Fasya tersenyum getir mendengar kesimpulan yang diambil Ringgo. "Sabda juga subur. Kita melakukan pemeriksaan bersama. Jadi kau jangan mengada ada dengan mengatakan jika Sabda mandul."
Ringgo berdecak kesal. "Bukan begitu maksudku. Kadang meski subur, pria susah memiliki anak karena kualitas sperrmanya yang kurang bagus. Mungkin dia terlalu kelelahan dan stress karena pekerjaannya. Atau bisa juga, kalian terlalu sering melakukan hubungan badan."
"Apa maksudmu, kau menyuruhku dan Sabda melakukan program kehamilan?"
Ringgo menggeleng. "Jika Sabda memang tak bisa membuatmu hamil, mungkin aku bisa."
Fasya langsung melotot mendengarnya. "Apa kau gila?" makinya.
Lagi-lagi Ringgo menggeleng. "Tidak ada salahnyakan dicoba?"
"Lupakan ide gila itu," Fasya bangkit dari duduknya.
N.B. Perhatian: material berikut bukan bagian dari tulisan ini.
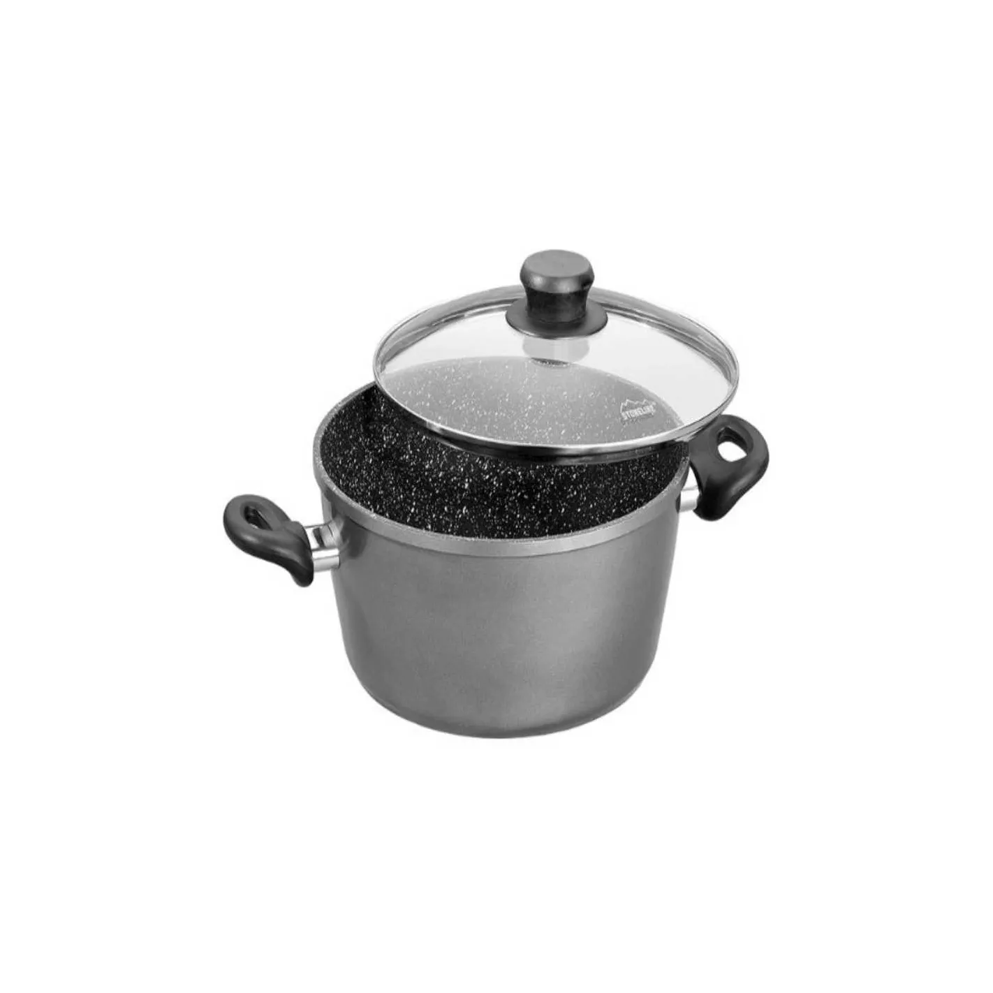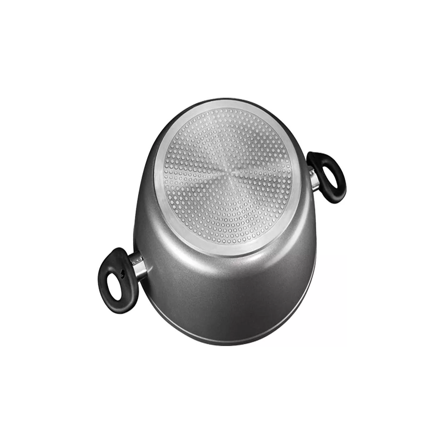 La olla es perfecta para cocinar sin grasa, tiene una capacidad de casi 2.5 litros y una altura de aprox 9.5 centímetros. Esta olla de aluminio fundido a presión es perfecta para preparar comidas más grandes. Gracias al revestimiento antiadherente premium, puede freír fácilmente los alimentos en esta olla para asar si puede cocinar sin grasa ni aceite. La olla viene con su tapa de vidrio. Es apta para las cocinas, incluida la Inducción.
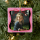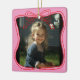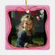 Capture your most cherished memories with this custom square photo ornament featuring a pink frame and festive red bow outline. Perfect for highlighting your favorite photo — whether it’s your child, baby, pet, or a special family holiday moment.
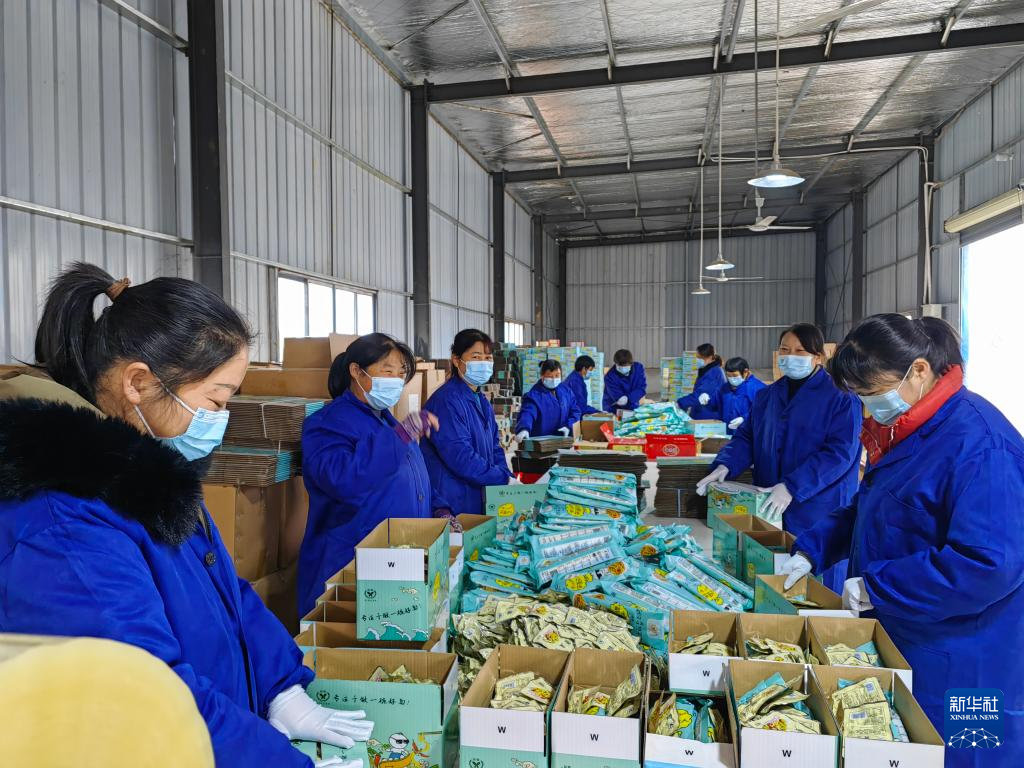 村民正在加工厂包装产品。(红安县委宣传部供图)

Mengambil tas dan hendak pergi, tapi lagi-lagi, Ringgo lebih dulu mencekal pergelangan tangannya. "Lepaskan aku Nggo. Jangan harap aku akan menyetujui ide gilamu itu."
"Jangan buru-buru menolak, pikirkan dulu. Hanya dengan hamil, kau bisa mempertahankan Sabda. Dan aku yakin, jika kau hamil, Sabda akan melupakan anak wanita itu karena dia memiliki anak sendiri. Anak yang dia pikir anak kalian berdua."
"Tapi aku tetap ti_"
"Pikirkan dulu," potong Rinngo cepat. "Jangan tergesa gesa mengambil keputusan. Jika suatu saat nanti kau menyetujui ideku, segera hubungi aku. Aku akan selalu siap untukmu."